To monitor and control air quality, the European Union has defined the European Air Quality Index which is based on the values of several pollutants’ concentrations [46]. We base our color coded visualization of pollutants’ concentrations on this index; see Figure 9. The collected data is imported on Quantum GIS (QGIS) which not only allows visualization of the data and the locations of the pollution sources (see Figure 10) but also to evaluate the relevant features needed for the spatial modeling of air pollution using machine learning.
When there were missing data, which was the case with the temperature and humidity measurements, we used a linear interpolation to impute the missing values. After cleaning the data set by removing irrelevant data and outliers, we converted the time stamp into a more intelligible format.

4. Descriptive Data Analysis

In this section, we report on the analysis of the data collected by the mobile sensor nodes in four neighborhoods, on different days but over approximately the same time period. We also report on the data collected by the nomadic sensor nodes in two neighborhoods over a one-month period.
Figure 11, depicts the measurements of the concentrations of PM 10 and PM 2.5 obtained with mobile sensor nodes. It is shown that these concentrations generally do not exceeded the limit values (50 μg/m3 and 30 μg/m3 respectively). However, high concentrations were observed when the sensor node is close to a specific pollution source; see peaks in Figure 11 and Table 3.
In Hay Riad, the recorded PM 10 concentrations exceeded the limit only in the presence of some vehicles, especially near a roundabout. On the other hand, PM 2.5 remained low and stable.
In Diour Jamaa, the lowest values of the recorded PM 10 and PM 2.5 concentrations were of 14.9 μg/m3 and 13 μg/m3 respectively. The data was collected while walking very close to a two ways road; so we suspect that the main source of pollution is traffic. The observed two peaks of PM 10 concentration that exceed 140 μg/m3 were both recorded near open street food vendors.
In Hay Nahda II, PM concentrations only increased when we walked past a mechanical repair shop. Otherwise, PM concentrations were low.
In Takaddoum, where most asthma patients came from, the recorded PM concentrations were higher than in the other neighborhoods.
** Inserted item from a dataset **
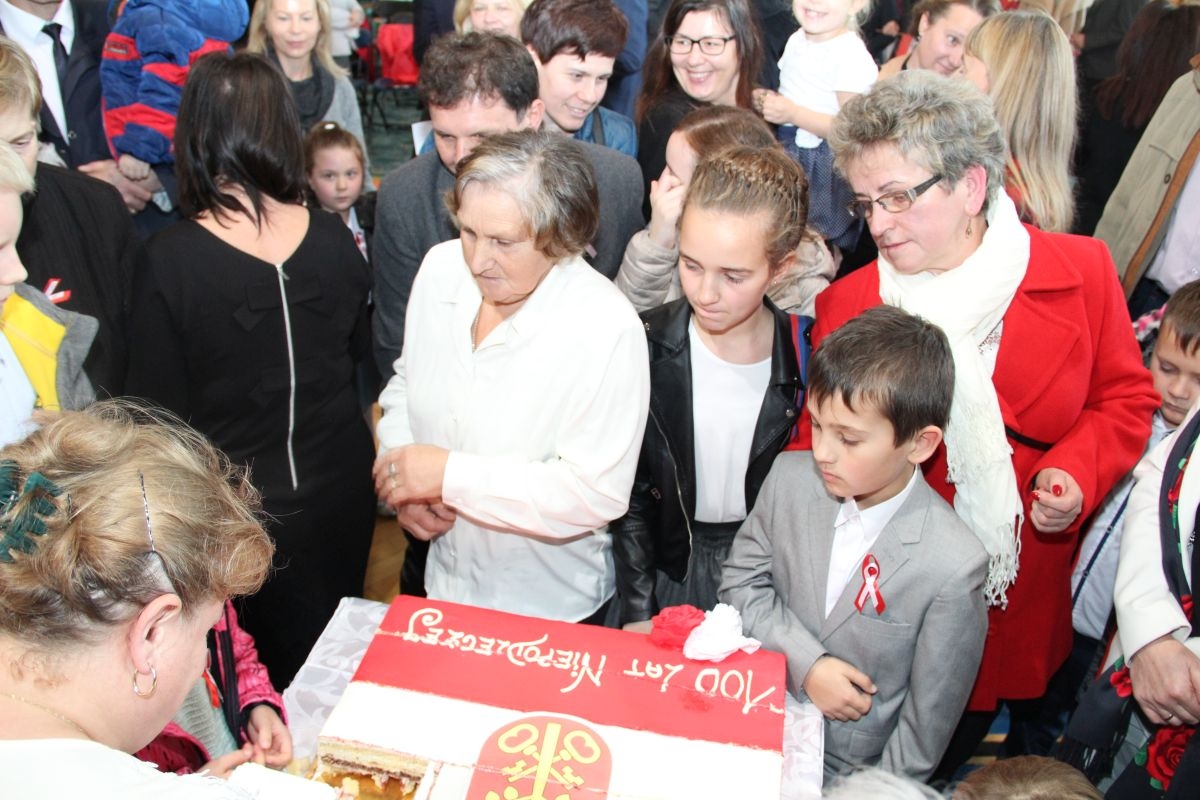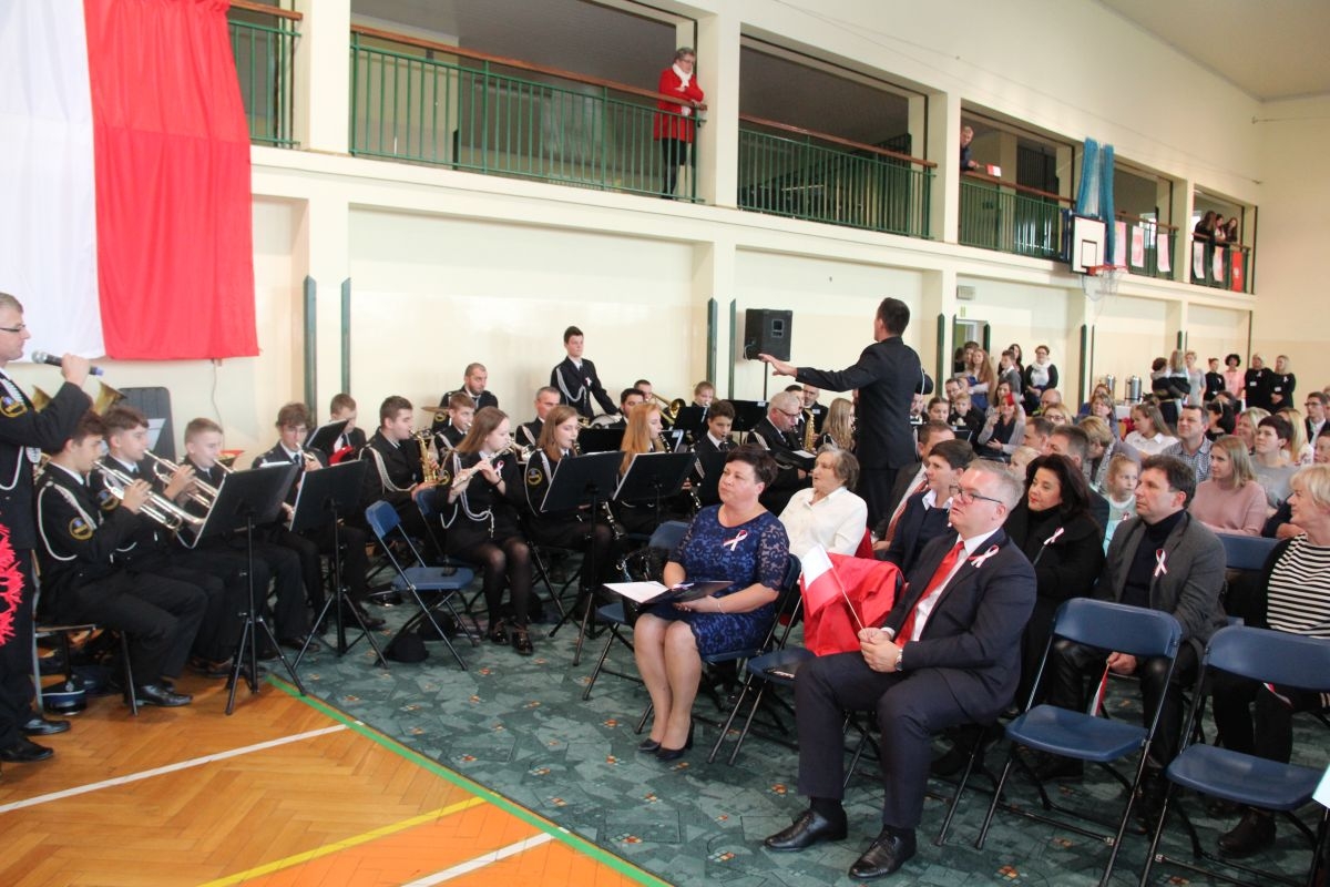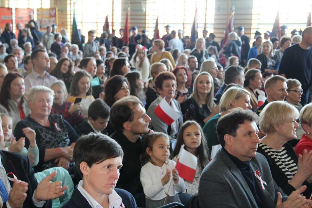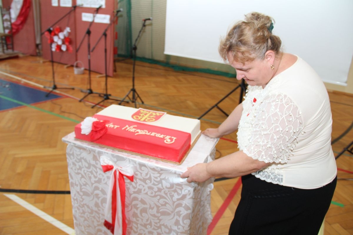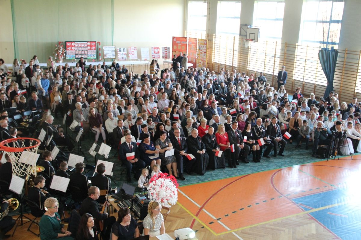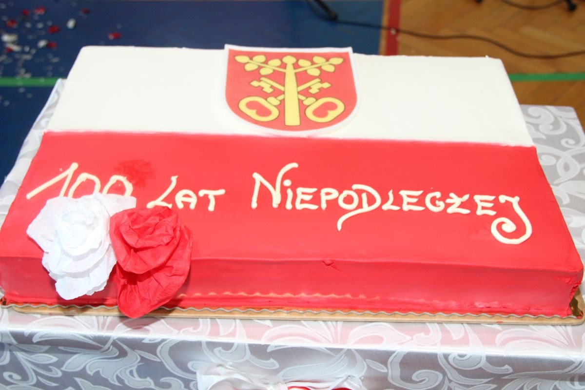 Na sali gimnastycznej Publicznej Szkoły Podstawowej w Rzezawie odbyła się część artystyczna gminnych uroczystości związanych z odzyskaniem przez naszą Ojczyznę niepodległości. W programie znalazł się m.in. występ przedszkolaków, którzy zaśpiewali piosenkę pt. „Jestem Polką i Polakiem” oraz występ muzyczno – teatralny pt. „100 powodów do radości, by świętować Niepodległość”, który przedstawiły dzieci i młodzież ze szkoły w Rzezawie. Mieszkańcy gminy mieli także możliwość wzięcia udziału w koncercie pieśni patriotycznych w wykonaniu orkiestry z Okulic. Po jego zakończeniu na wszystkich uczestników obchodów czekał biało-czerwony tort przygotowany specjalnie na 100-lecie odzyskania przez Polskę niepodległości.

Furthermore, the variability of the concentrations while moving is high. This is due to the variety of pollution sources mentioned before (Hammams, thrift shops, open street vendors). The highest concentrations seem to be often associated with either public baths and ovens or street vendors.
Another observation that caught our attention during data collection in Takaddoum is that the highest concentrations were recorded in Hay Al Farah; see the part circled in red in Figure 12 (800 μg/m3 for PM 10 and 248 μg/m3 for PM 2.5 ). Hay Al Farah is a small but very crowded street mostly occupied by street vendors, making it very difficult for cars to pass through it. Furthermore, building density is high which might be responsible for the stagnation of pollutants in the air.
According to the preliminary findings of our data collection campaigns, one suspects that the high rates of PM’s concentrations in the studied disadvantaged neighborhoods are mainly due to public baths and ovens, open-air thrift shops and street food vendors, as PM concentrations rocketed in the vicinity of these sources, and that road traffic is not the main contributor to air pollution in these neighborhoods. It is worth pointing out that street food vendors are not only responsible for the emission of PM’s, but also for the emission of VOCs and SVOCs as a result of cooking meat, and for the emission of CO and NO as a result of using charcoal fire [47]. Sensors of some of these pollutants will be added to our sensor nodes in the future.
It is, therefore, fair to infer that the high incidence of respiratory diseases in Takaddoum, observed at the children’s hospital, may be due to the poor air quality in this neighborhood. This also confirms that our sensor deployment strategy, based on medical records, is efficient in identifying areas of poor air quality with a small number of low-cost sensors.
Figure 13, depicts the data collected from the nomadic sensor in Hay Nahda I over a one-month period. Averages over some time windows varying from 8 hours to 1 day are often used. However, in order to capture the variability of pollutants concentrations with a smaller temporal granularity while avoiding the outliers, caused by volatile sources of pollution, we applied 10 min averages to the air pollution measurements which were taken continuously every 5 s. The region where the measurements were taken is characterized as a small neighborhood, with no specific activities, no main roads, a few green spaces in its vicinity. Figure 13 also depicts some missing data over a period of two days. These data were removed in the prediction phase, but were left in the figure to show some of the issues that low-cost sensors may face. In this case, the loss of data was caused by the presence of insects on the PM sensor node; this issue was found also in other areas which are near green spaces. Since the sensor node was placed on a fixed position, the peaks registered did not vary much, unlike the ones obtained with mobile sensors. The observed peaks of PM 10 and PM 2.5 concentrations did not exceed 90 μg/m3 and 50 μg/m3 respectively.
In the bigger neighborhood of Agdal, PM concentrations obtained with a nomadic sensor node were higher compared to those obtained at Hay Nahda I. Furthermore, since the sensor was placed near road traffic, the pollutants concentrations are shown to be often high during and around rush hours; see Figure 14.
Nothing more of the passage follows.